15 Apr 2020
Posted in Automotive
Covid-19 likely to push Indonesia’s automotive total industry volume in 2020 to 2008 levels, says GlobalData
Following the news that the Indonesian Automotive Industry Association (GAIKINDO) revised 2020 vehicle sales projection to 600,000 units;
Animesh Kumar, Director of Automotive Consulting at GlobalData, a leading research and consulting company, offers his view:
“Indonesia is among the worst hit countries in Asia, having highest mortality rate in the region due to Covid-19. The total cases reached 4,839 on 14 April 2020, with 459 deaths across the country. The Indonesian automotive industry has witnessed partial or complete production halts by OEMs and component manufacturers, disruptions in supply chain, declining domestic sales and export volumes and cash flow pressures, besides witnessing temporary layoffs as an aftermath of production halts.
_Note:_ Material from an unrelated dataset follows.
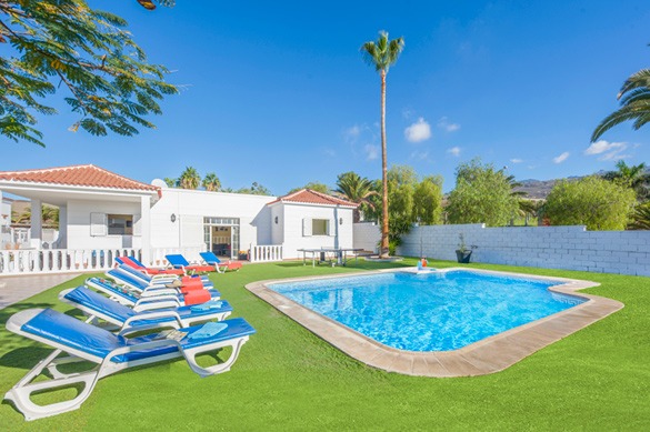 Outside, the private pool takes centre stage, surrounded by artificial grass and sun loungers for ultimate relaxation under the Canarian sun. A covered terrace provides a shaded seating area, and a dining table allows for alfresco meals with family or friends.

“According to GAIKINDO, domestic vehicle sales volume in March 2020 declined by 20% as compared to February 2020. The January and February sales were already lower than the previous year. Vehicle production and exports have also been impacted due to the shortage of raw materials and restricted logistic movement imposed by the government. Automotive dealerships witnessed decline in footfalls in March as the government declared a state of emergency, and with the large-scale social restriction period implemented from 10 April across Jakarta and other cities, the footfalls will decline further in April. To add to the woes, it is expected that the months following the end of the crisis will not witness recovery in footfalls as potential customers may remain cautious and prefer to stay away from dealerships to avoid human contact.
“With the automotive industry now encountering both supply as well as demand side challenges, associations, industry participants as well as experts/analysts are compelled to revise the forecasts. GAIKINDO has revised domestic vehicle sales forecast for 2020 to 600,000 units (2008 level) as compared to 1.05 million units projected earlier at the beginning of the year.
“Hampered purchasing power and increased cost of production due to weakened rupiah against US dollar will kick-in and impact both domestic sales as well as exports of vehicles. The automotive industry stands in need of collective efforts from government and industry participants for speedy revival. Fiscal stimuli through relaxation of taxes for six months and non-fiscal stimuli through the reduction of import/export restriction has already been announced by the government. Once the crisis and restrictions are over, demand would have to be stimulated through new customer outreach strategies. Passenger vehicle manufacturers can offer immediate aid to the existing customers by extending warranty period – as done by the CV brand Tata Motors Distribution Indonesia.
“OEMs and dealers can also explore digital platform for new vehicle sales. In the absence of customers coming to showrooms, they can use virtual tours, online negotiations, online discussions on finance options and doorstep deliveries as some of the techniques to source orders.”